One of the five elected members of the Arizona Corporation Commission (ACC) last Tuesday proposed to her fellow state regulators that ACC staff be directed to investigate the pension plan funding levels of all major utilities in the state after her assessment of the state’s three major private-sector energy utilities revealed they are all currently under-funded collectively by more than $500 million.

In a letter to her ACC colleagues, Commissioner Kristin Mayes said a recent 20% rate increase filing by Arizona Public Service (APS) turned up the fact that the utility’s pension fund has become what she called “significantly under-funded” by $472 million. This prompted Mayes to check the Securities and Exchange Commission filings of the other two major investor-owned energy utilities in the state — Southwest Gas Corp. and Tucson Electric Power (TEP) — and it showed they both were “experiencing some degree of under-funding,” too.
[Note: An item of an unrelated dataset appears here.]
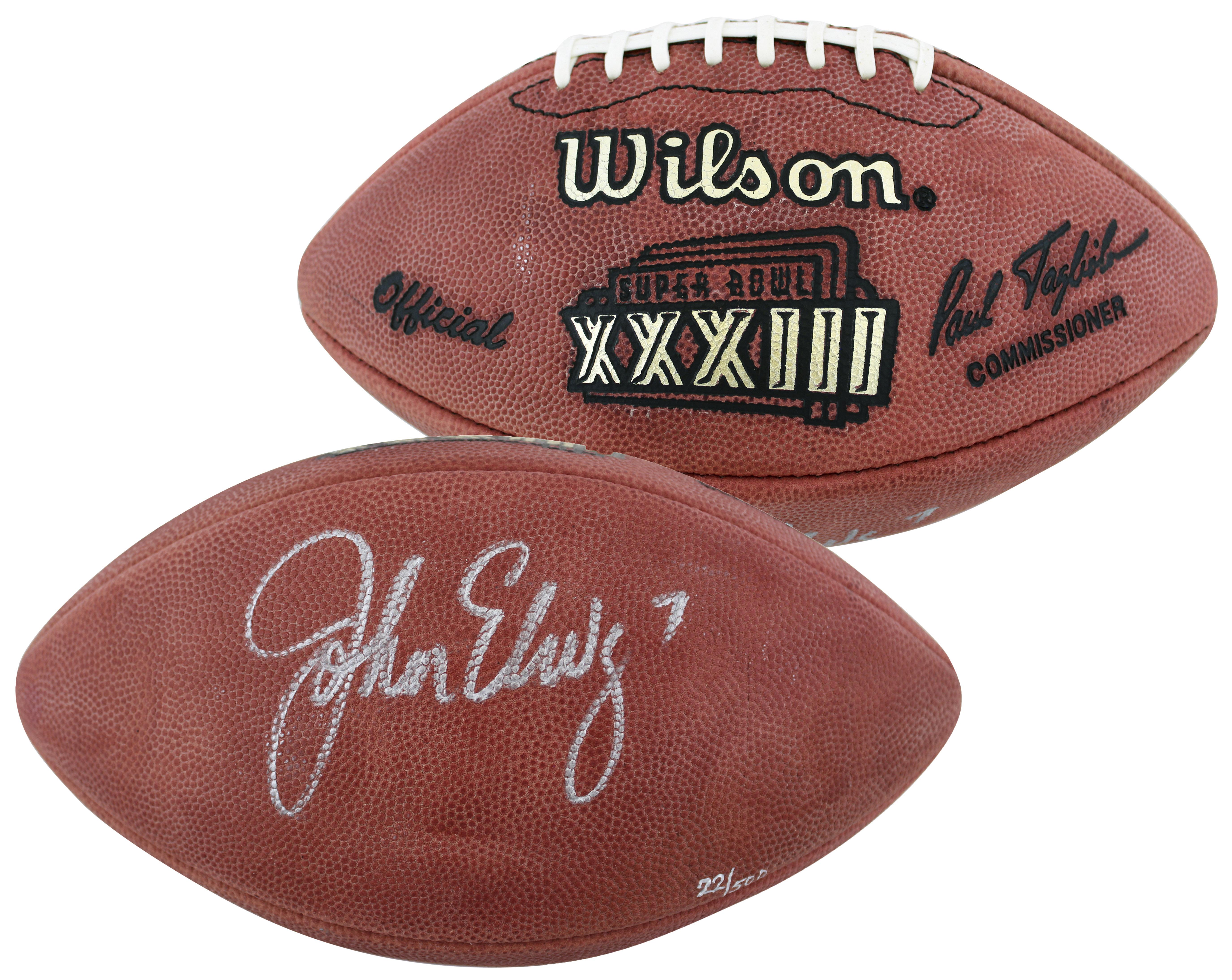 Official Wilson Super Bowl XXXIII Logo NFL Football. Hand-signed by John Elway (Denver Broncos, HOF)
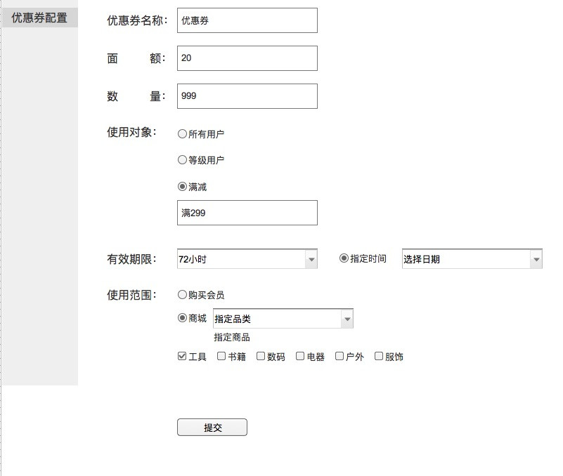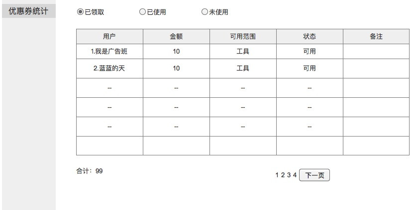 券不会凭空产生,也需要工作人员来操作发放。作为设计者,我们要根据业务需求来设置优惠券的各种属性。比如这个券用于什么时间,是五一活动,还是店庆活动。能使用在什么产品上。这就需要建立后台配置,运营者可根据需求灵活来设置优惠券的各种属性,只要有活动就可以配置出满足不同需求的优惠券。

Mayes said that the publicly available SEC documents show as of the end of last year, TEP’s pension benefit obligation was under-funded by $47 million, and its other post-employment benefits category was under-funded by $69 million. Similarly, Southwest Gas’s pension plan was under-funded by $76 million, while it reported that its other post-employment benefits were under-funded by $18 million.
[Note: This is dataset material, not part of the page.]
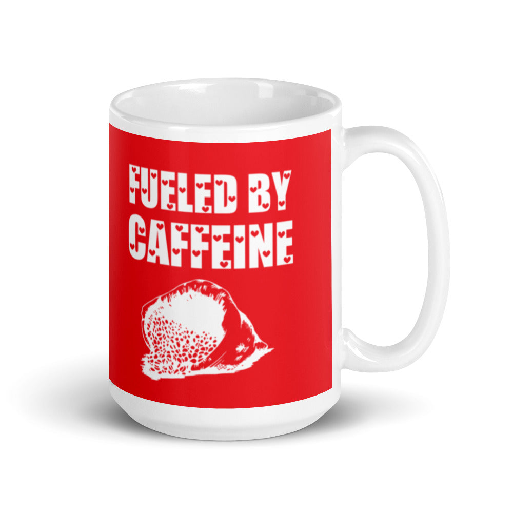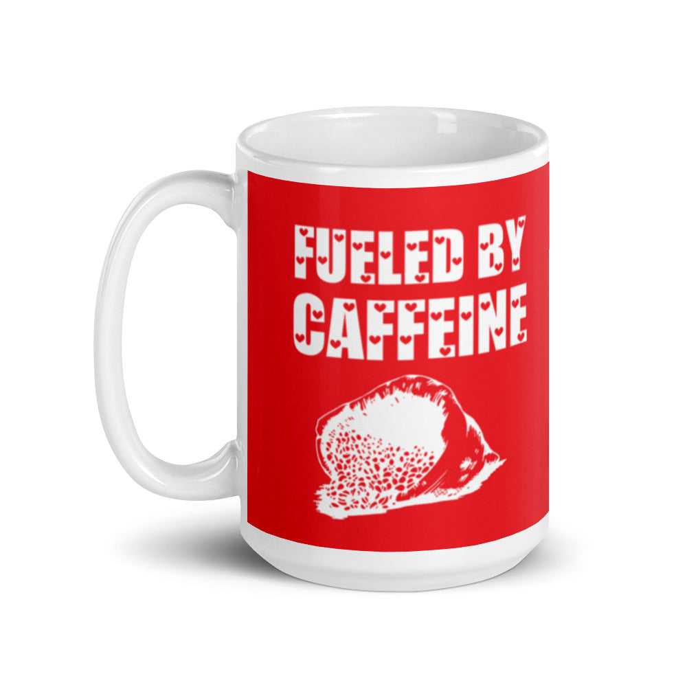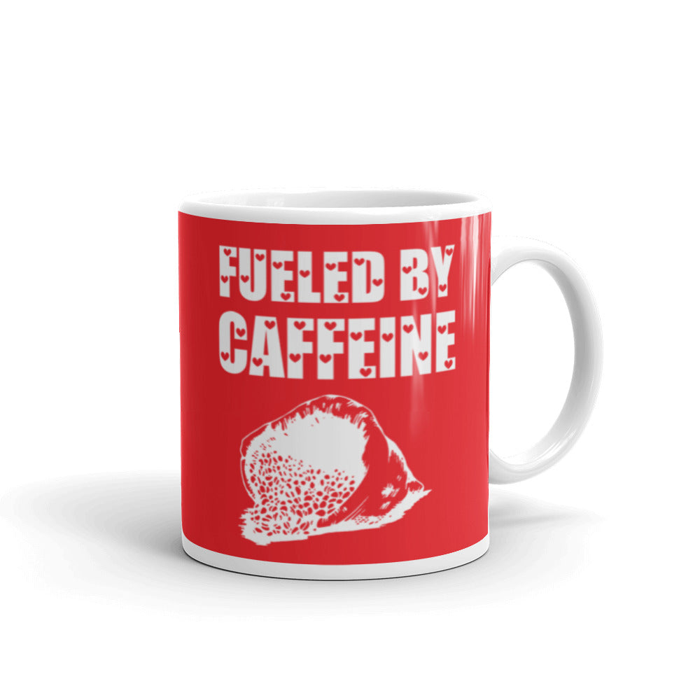 - Design: Bold white text ‘FUELLED BY CAFFEINE’ with red heart motifs, a white coffee cup graphic

Collectively, the three Arizona energy utilities carry pension obligations of slightly more than $2 billion, but the collective plan assets total only $1.46 billion, according to a matrix assembled by Mayes.
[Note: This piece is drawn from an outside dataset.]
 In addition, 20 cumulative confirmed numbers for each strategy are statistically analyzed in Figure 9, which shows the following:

“Given the possibility that these three utilities may be representative of other utilities with pension plans, and given our duty to address such problems before they worsen, I believe we should determine the extent of this problem across all Class A utilities and analyze how the utility pensions became under-funded,” Mayes wrote in her letter, noting she would particularly like to know whether any of the utilities was over-funded a few years back in the late 1990s.

If there was previous over-funding of the pension monies, Mayes said she wants to know if any of the excess funds were distributed as dividends to shareholders or reported as part of net income in those years. She said “among other steps” the ACC should ask the regulatory staff to investigate the pension liability plans of all the major utilities in the state.